Amazon Redshift: Using Amazon Redshift, you can query and combine exabytes of structured and semistructured data across your data warehouse, operational database, and data lake using standard SQL. Redshift lets you easily save the results of your queries back to your S3 data lake using open formats, such as Apache Parquet, so that you can do additional analytics from other analytics services such as Amazon EMR, Amazon Athena, and Amazon SageMaker.

Delta Lake: Developed by Databricks and now a project of the Linux Foundation, Delta Lake is an open source project that enables building a “lakehouse” architecture on top of existing storage systems such as Amazon S3, Microsoft Azure Data Lake Storage, Google Cloud Storage, and HDFS. It adds ACID transactions, metadata handling, data versioning, schema enforcement, and schema evolution to data lakes. Databricks Lakehouse Platform uses Delta Lake, MLflow, and Spark in a cloud service that runs on AWS, Google Cloud, and Microsoft Azure to combine the data management and performance typically found in data warehouses with the low-cost, flexible object stores offered by data lakes.

Google BigQuery: Google BigQuery is a serverless, petabyte-scale, cloud data warehouse with an internal BI engine, internal machine learning accessible via SQL extensions, and integrations across all Google Cloud services including Vertex AI and TensorFlow. BigQuery Omni extends BigQuery to analyze data across clouds, using Anthos. Data QnA provides a natural language front end to BigQuery. Connected Sheets allow users to analyze billions of rows of live BigQuery data in Google Sheets. BigQuery can process federated queries including external data sources in object storage (Google Cloud Storage) for Parquet and Optimized Row Columnar (ORC) file formats, transactional databases (such as Google Cloud Bigtable and Google Cloud SQL), or spreadsheets in Google Drive.

IBM Ahana Cloud for Presto: Ahana Cloud for Presto turns a data lake on Amazon S3 into what is effectively a data warehouse, without moving any data. SQL queries run quickly even when joining multiple heterogeneous data sources.

Presto is an open source, distributed SQL query engine for running interactive analytic queries against data sources of all sizes. Presto allows querying data where it lives, including Hive, Cassandra, relational databases, and proprietary data stores.
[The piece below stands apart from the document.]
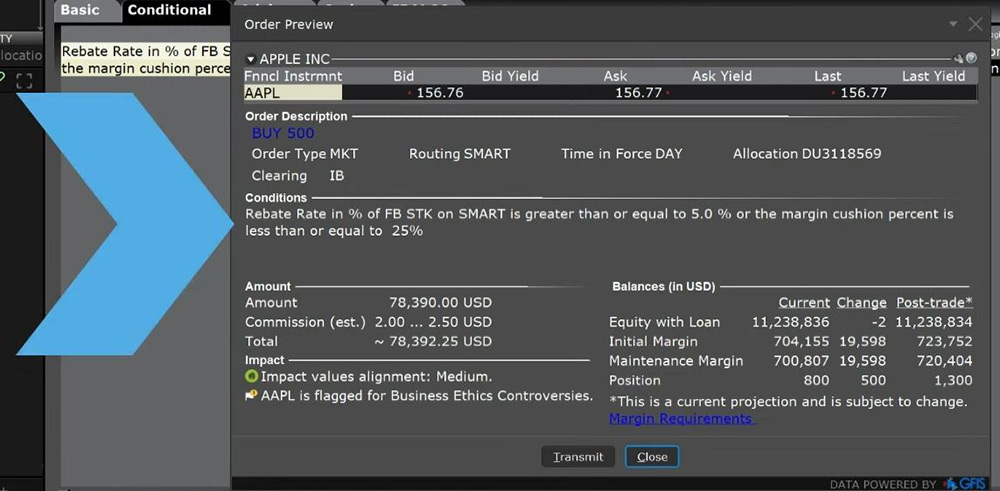 We will now walk through creating a conditional order in Mosaic to buy 500 shares of AAPL at the market if the rebate rate in Meta – symbol FB – becomes greater than or equal to 5%, or the margin cushion is 25% or lower. And choose to allow the conditions to be satisfied outside of regular trading hours. Later, we will then edit the existing order to change the margin cushion from 25% to 20%.

A single Presto query can combine data from multiple sources. Facebook uses Presto for interactive queries against several internal data stores, including their 300PB data warehouse.

Ahana Cloud for Presto runs on Amazon Web Services (AWS), has a fairly simple user interface, and has end-to-end cluster life cycle management. It runs in Kubernetes and is highly scalable. It has a built-in catalog and easy integration with data sources, catalogs, and dashboarding tools. The default Ahana query interface is Apache Superset. You can also use Jupyter or Zeppelin notebooks, especially if you are doing machine learning.
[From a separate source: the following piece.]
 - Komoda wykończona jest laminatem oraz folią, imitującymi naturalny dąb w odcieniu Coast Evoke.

Ahana claims to have 3X the performance of other Presto services, including Amazon Elastic MapReduce and Amazon Athena.

Microsoft Azure Synapse Analytics: Azure Synapse Analytics is an analytics service that brings together data integration, data warehousing, and big data analytics. It lets you ingest, explore, prepare, manage, and serve data for immediate BI and machine learning needs, and query data using either serverless or dedicated resources at scale. Azure Synapse can run queries using Spark or SQL engines. It has deep integration with Azure Machine Learning, Azure Cognitive Services, and Power BI.
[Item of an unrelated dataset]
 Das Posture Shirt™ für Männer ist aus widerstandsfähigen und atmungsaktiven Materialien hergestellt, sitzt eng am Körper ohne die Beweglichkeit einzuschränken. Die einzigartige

Opentext Vertica: Vertica provides a unified analytics warehouse across major public clouds and on-premises data centers and integrates data in cloud object storage and HDFS without forcing you to move any of your data. Vertica offers two deployment options. Vertica in Enterprise Mode runs on industry-standard servers with tightly coupled storage, delivering the highest performance for use cases that demand consistent compute capacity. Vertica in Eon Mode has a cloud-native architecture that separates compute from storage, enabling simplified management for variable workloads with the flexibility to apply specific compute resources to shared storage for different business use cases. Vertica in Eon Mode is available on AWS and Google Cloud but is not limited to public cloud deployments.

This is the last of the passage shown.